- _Exercise_:
Leave out the pictures and output exactly the lines below from the one with "Camiseta de morley" down to the one with "体育资讯9月30日讯 本赛季", both of them included.

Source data
..........

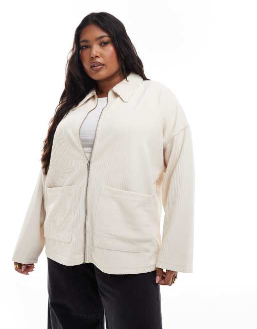 ASOS DESIGN Curve – Kremowa zapinana na zamek bluza ze sztucznego kożuszka
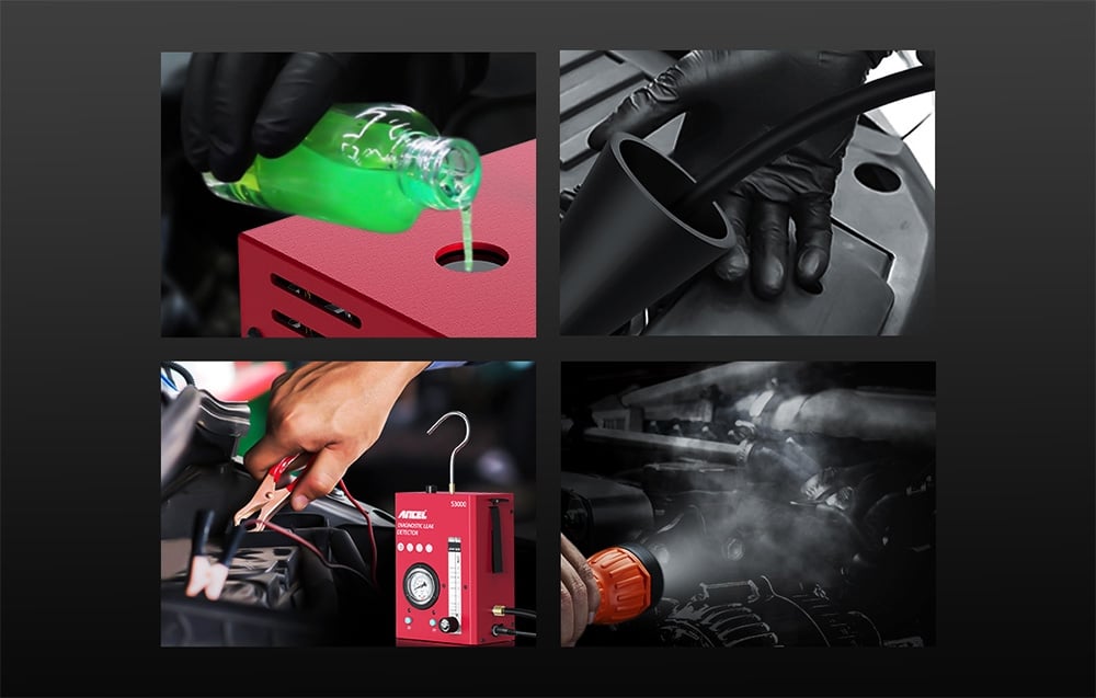 Az Ancel S3000 füstgenerátora sűrű és stabil füstöt termel, amely hatékonyan láthatóvá teszi a szivárgási helyeket, még a kisebbeket is. A tesztfolyamat 20 ml tesztolaj beöntése után kezdődik, ami gyors és pontos diagnózist tesz lehetővé a rendszer szétszerelése nélkül, időmegtakarítást eredményezve és elkerülve a működő alkatrészek téves cseréjét.
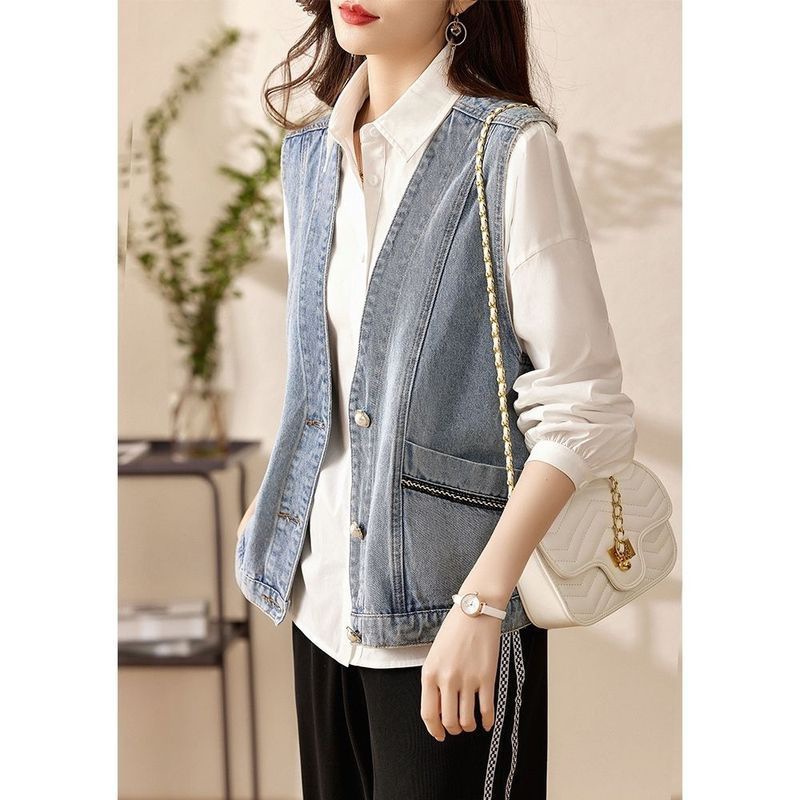 2025春秋新作デニムベストコート女性韓国風カジュアル百合ノースリーブvネックノースリーブベスト
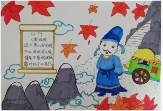 二(3)班的彭艺妍同学为《山行》一诗画了一幅红叶飘飞图,表现了诗中的“枫林晚”之美;
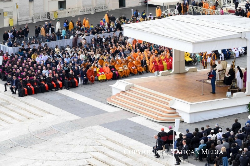 สมเด็จพระสันตะปาปาเลโอที่ 14 ทรงจบท้ายพระดำรัสด้วยพระวาจาของสมเด็จพระสันตะปาปานักบุญยอห์น ปอลที่ 2 ซึ่งตรัสที่เมืองอัสซีซีในปี ค.ศ. 1986 ว่า : “หากโลกจะดำเนินต่อไป และชายและหญิงจะอยู่รอดในโลกนี้ได้ โลกก็ไม่อาจขาดการอธิษฐานไปได้” ดังนั้น พระองค์จึงทรงเชิญชวนทุกคนให้หยุดนิ่งพร้อมกันในการภาวนาเงียบๆ ด้วยบทวิงวอนว่า : “ขอให้สันติสุขลงมาเหนือเราและเติมเต็มจิตใจของเรา”
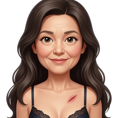 Asian mid age long hair wound body woman with Sexy lingerie bra and panty emoji
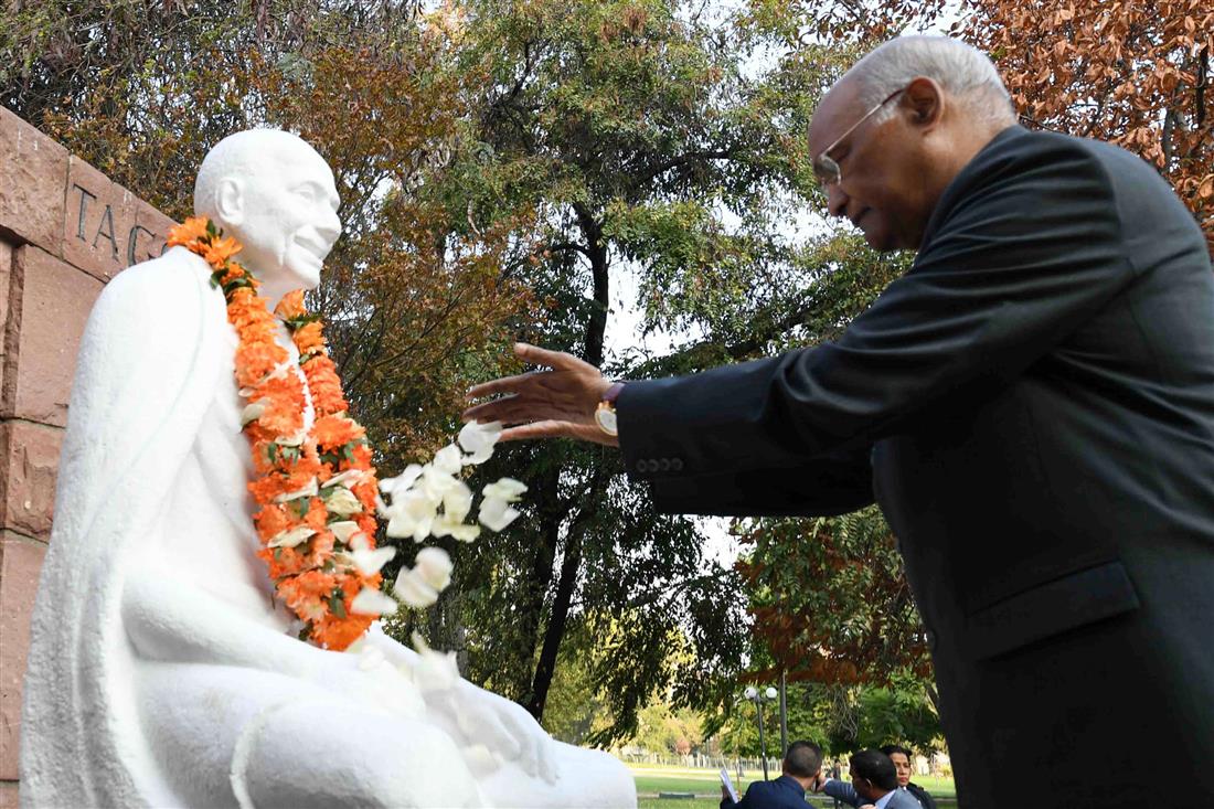 SANTIAGO (Chile): President Ram Nath Kovind paid floral tributes to Mahatma Gandhi at his statue at Plaza de la India in Chilean capital Santiago to commemorate his 150th birth anniversary and announced an assistance of USD 53,000 for the beautification of the area.
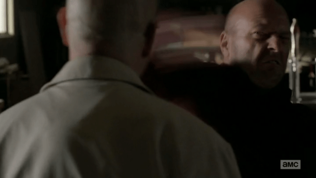 And here’s the difference between Walt and Hank is a crisis. Where Walt would probably offer some kind of clever lie or workaround to explain why there’s a tracker in the car — heck, maybe he’d even just deny it right out — Hank instead wordlessly closes the garage door behind Walt and then does this:
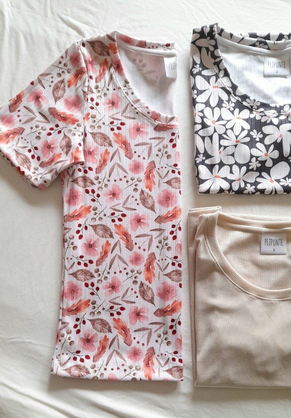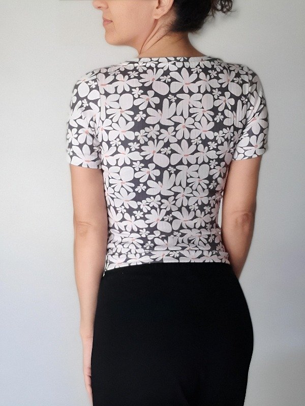 Camiseta de morley elastizado estampado , con mangas CORTA y escote en U.
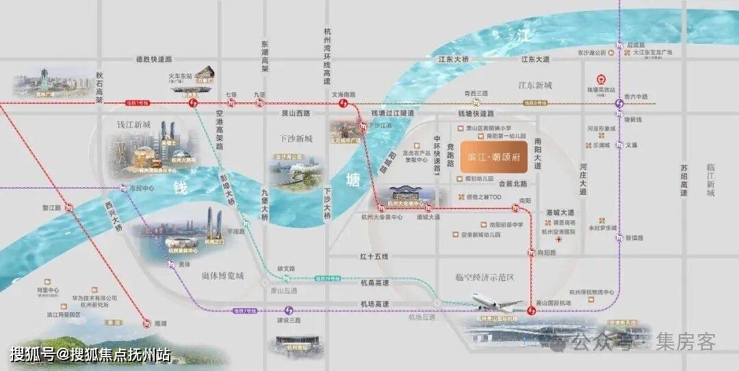 位于大会展中心周边1公里的核心区域,牢牢占据临空经济示范区核芯,不仅远见板块崛起,其交通优势更是堪称“王炸”,将杭州繁华版图紧密缝合。
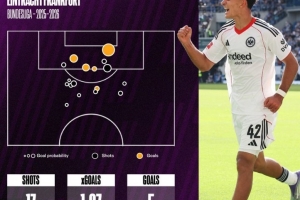 体育资讯9月30日讯 本赛季法兰克福19岁小将乌尊状态出色,连续5场德甲破门,5场比赛5球3助攻。
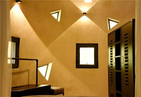 值得一提的是,每間房間設(shè)計(jì)師都在墻壁上,設(shè)計(jì)了三角形狀的窗戶,這些三角窗供給房間采光的同時(shí),本身以三角的形狀給人奇妙夢(mèng)幻之感。床的正上方,留有鏤空的房頂。所有休息區(qū)域的取光,都是依靠鏤空的房頂自然供光。正因如此,在每一個(gè)星河燦爛的夜晚,伴隨著房間舒緩輕柔的音樂(lè),在滿天星月的陪伴下,安然入夢(mèng)。
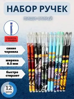 Набор ручек Пиши-стирай гелиевые, синие, с дизайном
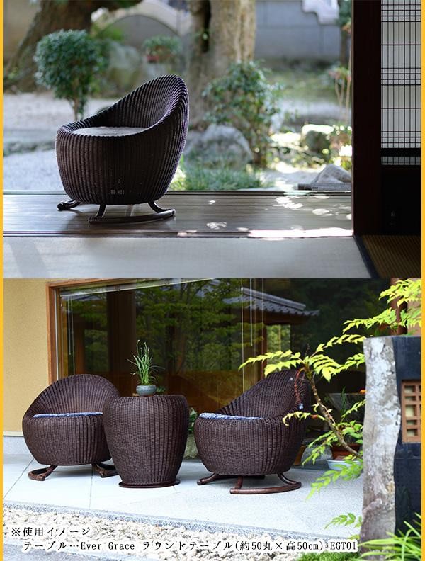 | 籐ならではのしなやかさと座り心地。360度回転機能付チェア。 |
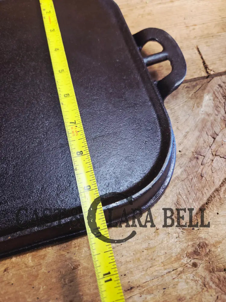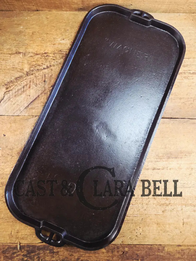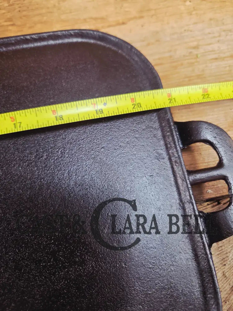 This Wagner straight griddle (approx 21x10) is gorgeous.  Being made in the late 1800's its from the earliest series' that Wagner made. It sits flat and is great for all surfaces.  It's just a beautiful piece that we don't see all that often.  Perfect for sitting over two burners on the stove, the grill or even an open firepit.  Very versatile for all kids of uses.  We LOVE ours and use it every week.

..........

- _Completed exercise_:
 Camiseta de morley elastizado estampado , con mangas CORTA y escote en U.
 位于大会展中心周边1公里的核心区域,牢牢占据临空经济示范区核芯,不仅远见板块崛起,其交通优势更是堪称“王炸”,将杭州繁华版图紧密缝合。
 体育资讯9月30日讯 本赛季法兰克福19岁小将乌尊状态出色,连续5场德甲破门,5场比赛5球3助攻。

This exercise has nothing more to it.